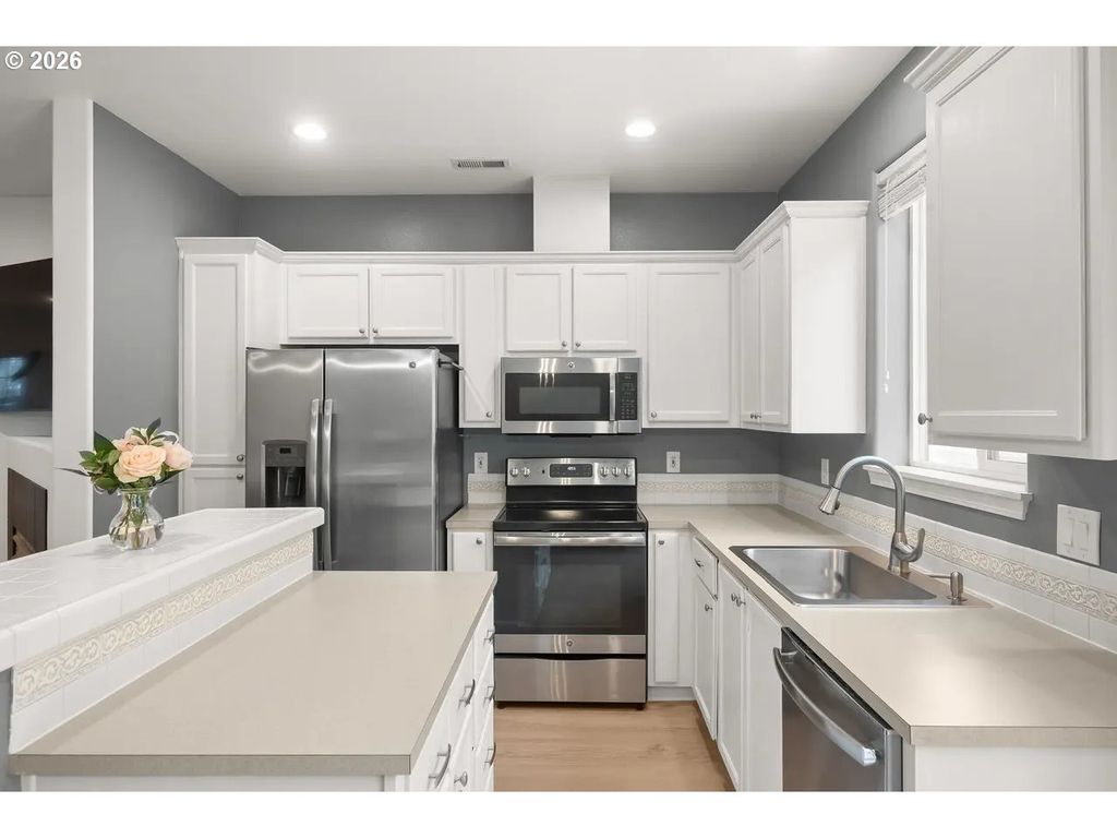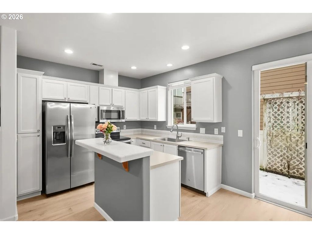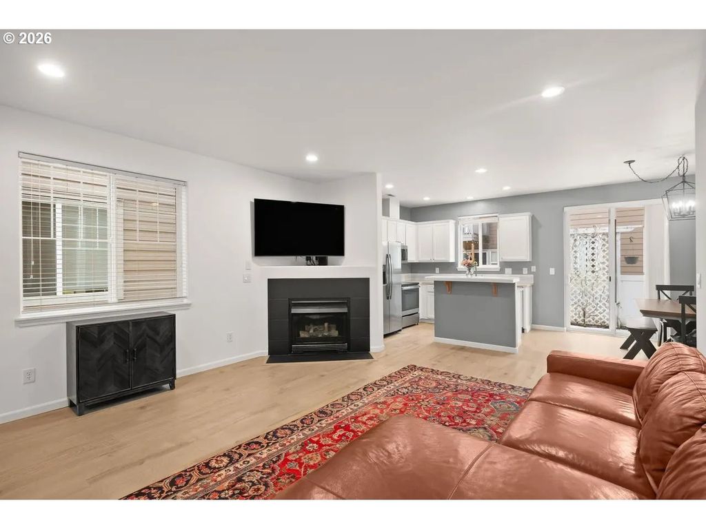 Stunning end-unit townhome in the highly sought-after Liberty Oaks neighborhood of Tualatin. This beautifully updated 3-bedroom, 2.1-bath home offers a bright, modern feel with abundant natural light and a spacious open floor plan. The open kitchen is a standout, featuring an island with eat-bar seating and seamless flow to the dining and living spaces - perfect for everyday living and entertaining. The inviting living room is anchored by a cozy gas fireplace, creating a warm and welcoming atmosphere.The primary suite features vaulted ceilings, a walk-in closet, and an updated en-suite bath. Two additional bedrooms with generous closets share a full bathroom, and the conveniently located laundry room is on the same level. Durable vinyl plank flooring runs throughout the main level, and thoughtful updates include a newer air conditioner, updated flooring, newer siding, a roof replaced approximately two years ago, and exterior paint completed 4 years ago.Enjoy outdoor living with a private patio just off the kitchen. Just steps from the train, restaurants, shops, and grocery stores, and minutes from Tualatin Community Park, Tualatin High School, downtown Tualatin, Bridgeport Village, Cook Park, and Tualatin Country Club. Easy access to I-5 and Tualatin-Sherwood Road makes commuting a breeze.A rare opportunity to own a move-in-ready home in one of Tualatin's most desirable locations.
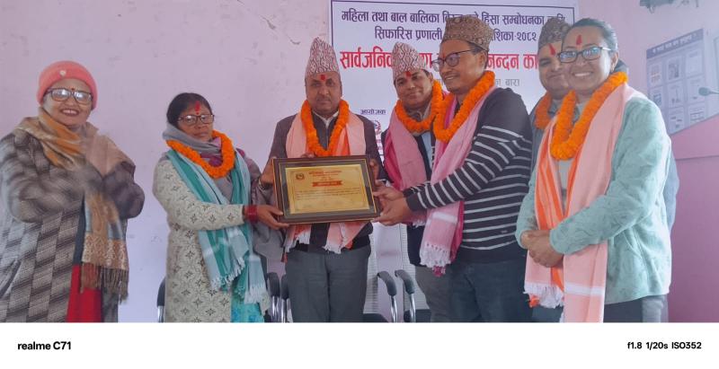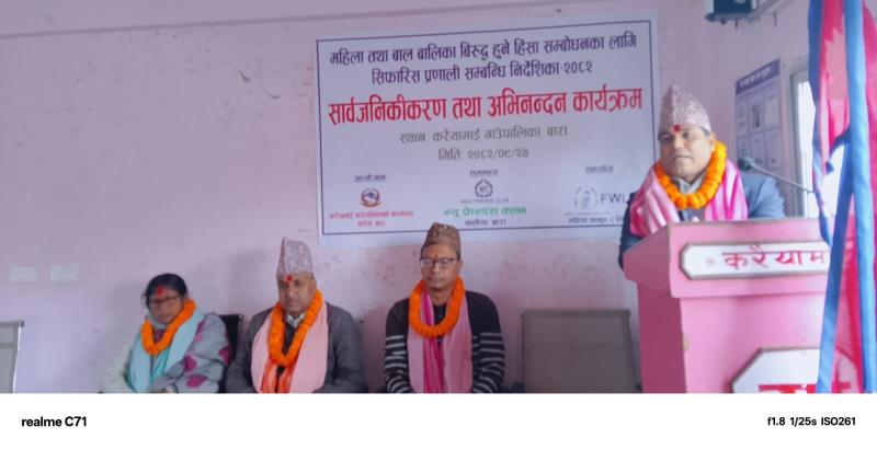 महिला तथा बाल बालिका विरुद्ध हुने हिंसा सम्बोधनका लागि सिफारिस प्रणाली सम्बन्धि निर्देशिका,२०८२ को सार्वजनिकीकरण तथा अभिनन्दन कार्यक्रम मिति २०८२ पौष २४ गते सु सम्पन्न।
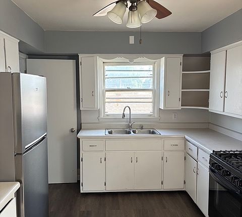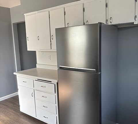 Step into this newly renovated 2-bedroom, 1-bath upper duplex offering 1,000 sq. ft. of stylish comfort. Featuring sleek grey walls, crisp white ceilings, and dark glossy hardwood floors, this home is full of contemporary charm. The bright kitchen boasts white cabinets with silver hardware, a brand-new black gas stove, and a stainless steel refrigerator. The remodeled bathroom mirrors the home's modern design with clean finishes and neutral tones. Enjoy your morning coffee or unwind in the evening on your private balcony overlooking the neighborhood. This move-in ready space combines comfort, style, and convenience perfect for your next home.
────────────────────
* Your objective:
Give back every line of the material above word for word, leaving out the pictures.

* Answer to this task:
 Stunning end-unit townhome in the highly sought-after Liberty Oaks neighborhood of Tualatin. This beautifully updated 3-bedroom, 2.1-bath home offers a bright, modern feel with abundant natural light and a spacious open floor plan. The open kitchen is a standout, featuring an island with eat-bar seating and seamless flow to the dining and living spaces - perfect for everyday living and entertaining. The inviting living room is anchored by a cozy gas fireplace, creating a warm and welcoming atmosphere.The primary suite features vaulted ceilings, a walk-in closet, and an updated en-suite bath. Two additional bedrooms with generous closets share a full bathroom, and the conveniently located laundry room is on the same level. Durable vinyl plank flooring runs throughout the main level, and thoughtful updates include a newer air conditioner, updated flooring, newer siding, a roof replaced approximately two years ago, and exterior paint completed 4 years ago.Enjoy outdoor living with a private patio just off the kitchen. Just steps from the train, restaurants, shops, and grocery stores, and minutes from Tualatin Community Park, Tualatin High School, downtown Tualatin, Bridgeport Village, Cook Park, and Tualatin Country Club. Easy access to I-5 and Tualatin-Sherwood Road makes commuting a breeze.A rare opportunity to own a move-in-ready home in one of Tualatin's most desirable locations.
 महिला तथा बाल बालिका विरुद्ध हुने हिंसा सम्बोधनका लागि सिफारिस प्रणाली सम्बन्धि निर्देशिका,२०८२ को सार्वजनिकीकरण तथा अभिनन्दन कार्यक्रम मिति २०८२ पौष २४ गते सु सम्पन्न।
 Step into this newly renovated 2-bedroom, 1-bath upper duplex offering 1,000 sq. ft. of stylish comfort. Featuring sleek grey walls, crisp white ceilings, and dark glossy hardwood floors, this home is full of contemporary charm. The bright kitchen boasts white cabinets with silver hardware, a brand-new black gas stove, and a stainless steel refrigerator. The remodeled bathroom mirrors the home's modern design with clean finishes and neutral tones. Enjoy your morning coffee or unwind in the evening on your private balcony overlooking the neighborhood. This move-in ready space combines comfort, style, and convenience perfect for your next home.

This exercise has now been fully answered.